The forages were grown using three different fertilizer application rates. The fertilizer treatments were organic manure at a rate of 30 t ha−1, and UREA at rates of 100 kg ha−1 and 300 kg ha−1. The manure rate of 30 t ha−1 was according to farmers’ practices in the area. UREA/Nitrogen (46.6% N-NH4+) at a rate of 100 kg ha−1 was based on a national recommendation (Sime and Aune, 2014) and to see the effect of an increased fertilizer rate on the productivity of the forages, a higher fertilizer rate of 300 kg ha−1 was applied as a third treatment (Chakwizira et al., 2015). The fertilizers were applied in splits, i.e., 50% of the fertilizer was applied for the first harvest and the remaining 50% for the second harvest (Rostamza et al., 2011). For the organic manure treatment, two-thirds of the manure was applied for the first harvest while the remaining one-third was applied for the second harvest, according to farmers’ practices. In this experimental study, the manure applied was sourced from a local youth association that specializes in preparing and selling manure in the area.

Three different irrigation scheduling’s via 60, 80, and 100% of total available soil water (IR60, IR80, and IR100, respectively) were applied (Ahmadi-Mirabad et al., 2014; Mwinuka et al., 2021). The amount of irrigation water applied for the full irrigation treatment for each forage variety and fertilizer type and rate was calculated as shown in Eq. 1 (Rostamza et al., 2011; Dadrasan et al., 2015).

I n = ( F c θ i ) D A 100     (1)
Where In is the volume of irrigation water (m3), Fc is the field capacity of the soil, θi is the soil moisture content before irrigation, D is the effective rooting depth (m) and A is the sub-sub plot surface area (9 m2). An irrigation efficiency (η) of 75% was adopted (Hawkins H-J, 2013). Each sub-sub plot was watered individually using a watering can. Irrigation was scheduled at 7-day intervals (Dadrasan et al., 2015). To avoid any runoff following irrigation, all sides of each sub-sub plot were blocked by soil bunds.

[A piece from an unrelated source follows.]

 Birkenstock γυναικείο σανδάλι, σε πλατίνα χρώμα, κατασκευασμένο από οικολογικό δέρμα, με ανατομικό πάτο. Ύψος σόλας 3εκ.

In the study, the source of irrigation water was hand-dug shallow water wells. These wells serve as the principal source of water. Hand-dug shallow water wells are commonly utilized in the area where this experiment is conducted (Tilahun et al., 2020). However, it is important to acknowledge potential limitations associated with this water source, such as vulnerability to fluctuations in groundwater levels, seasonal variability, and susceptibility to contamination. Despite these challenges, hand-dug shallow water wells remain integral to irrigation practices in the study area, highlighting the importance of understanding and managing water resources effectively for sustainable agricultural production.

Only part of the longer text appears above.